Since this is a pure proposal for programming APIs, it would not focus on what the upstream use case/runtime is. Those details will be in separate specs when needed.
Proposed change¶
First of all, Cyborg needs to add extra REST APIs to allow others to invoke the programming service. The REST api should have following format:
Url: {base_url}/fpga/{deployable_uuid}
Method: POST
URL Params:
None
Data Params:
glance_bitstream_uuid
Success Response:
POST:
Code: 200
Body: { "msg" : "bitstream has been loaded successfully"}
Error Response
Code: 401 UNAUTHORIZED
Body: { error : "Log in" }
OR
Code: 422 Unprocessable Entry
Body: { error : "User is not authorized to use the resource" }
Sample Call:
To program fpga resource with deployable_uuid=2864a139-c2cd-4f9f-abf3-44eb3f09b83c
with bitstream with uuid=0b955a5b-f5dd-49d0-8c4f-28729427d303
$.ajax({
url: "/fpga/2864a139-c2cd-4f9f-abf3-44eb3f09b83c",
data: {
"glance_bitstream_uuid": "0b955a5b-f5dd-49d0-8c4f-28729427d303"
},
dataType: "json",
type : "post",
success : function(r) {
console.log(r);
}
});
Second, implement the service in Cyborg which does three tasks: 1. identify the host location of the requested FPGA/Partial Reconfiguraion(PR) Region(e.g. on which host is the board located). 2. Check if the user(API caller, OpenStack Login User, etc) has the privilige to use the given bitstream, FPGA, or host. 3. If the previous checks pass, Cyborg will send the program notification to the target host with requested FPGA.

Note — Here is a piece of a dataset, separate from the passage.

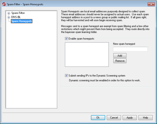 Spam Honeypots (located at Security » Spam Filter » Spam Honeypots) is for designating local email addresses purposely designed to collect spam. These spam honeypots are not valid MDaemon accounts or address aliases and should never be used for sending or receiving legitimate email. But, by posting a honeypot address to a news group, public mailing list, or other source from which spammers often farm addresses, you should begin to see incoming messages addressed to the spam honeypots — you could also pull addresses from other spam that you have received addressed to other invalid local addresses. Because honeypots will never receive legitimate email, all incoming messages addressed to them will always be routed directly to your Bayesian spam trap folder for processing. Further, the IP addresses of the sending servers can optionally be added to the Dynamic Screening system, banning future connections from those addresses for a designated period of time. All of this helps increase the probability of identifying and blocking spam in the future.
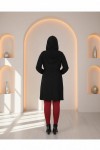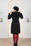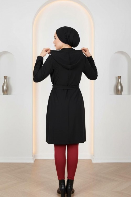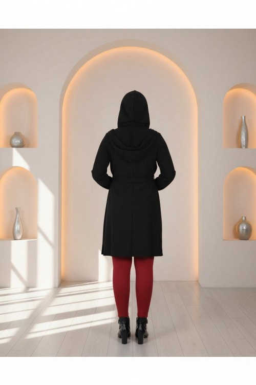 Nidya Moda Büyük Beden Kadın Lacivert Kapşonlu Kuşaklı Örme Spor Ceket-1016ÇL

Third, implement notification callee in Cyborg Agent. This should be a rpc call with following signature:
int program_fpga_with_bitstream(deployable_uuid, bitstream_uuid)

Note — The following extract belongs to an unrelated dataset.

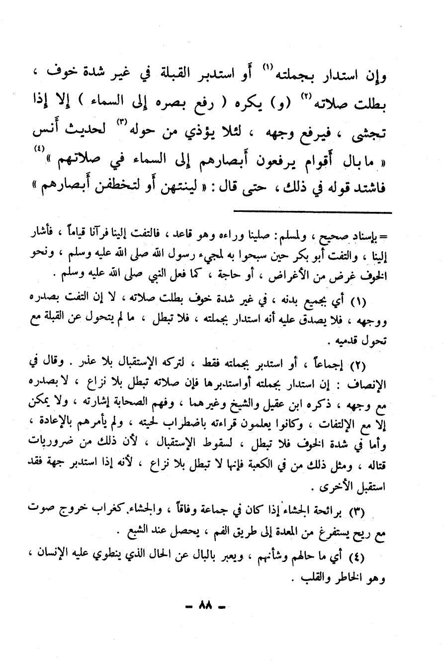 وإن استدار بجملته (¬1) أو استدبر القبلة في غير شدة خوف، بطلت صلاته (¬2) (و) يكره (رفع بصره إلى السماء) إلا إذا تجشى فيرفع وجهه، لئلا يؤذي من حوله (¬3) لحديث أنس ما بال أقوام يرفعون أبصارهم إلى السماء في صلاتهم (¬4) ، فاشتد قوله في ذلك، حتى قال: لينتهين أو لتخطفن أبصارهم.

The function takes both deployable_uuid and bitstream_uuid as input. It uses deployable_uuid to identify which specific FPGA/PR region is going to be programmed and uses bitstream_uuid to retrieve bitstream from the bitstream storage service (Glance in the context of OpenStack). In addition, this is a synchronous meaning it will wait for the programming task to be completed and then return a status code as integer. The return code should have following interpretation:
code |
meaning |
0 |
program successfully |
1 |
failed with unkown errors |
2 |
invalid deployable_uuid(target fpga not found) |
3 |
invalid bitstream_uuid(bitstream can not be downloaded) |
Alternatives¶
Data model impact¶
REST API impact¶
A rest api will be added to the Cyborg service as we discussed previously. It should not impact any of the existing rest apis
Security impact¶
The access to FPGA/PR region and bitstreams should be carefully checked.
Notifications impact¶
None
Other end user impact¶
None
Performance Impact¶
None
Other deployer impact¶
None
Developer impact¶
On the Cyborg Agent side, it relies on program() api implemented by vendor.
Implementation¶
Assignee(s)¶
- Primary assignee:
Li Liu <liliu1@huawei.com>
Work Items¶
Implement the cyborg program service rest api
Implement the cyborg program service
Implement the notification call in Cyborg Agent, which invokes vendor driver
Dependencies¶
Testing¶
Documentation Impact¶
The Cyborg-Nova interaction related specs need to be aware the change of the accelerators when FPGAs are being reprogrammed.
References¶
None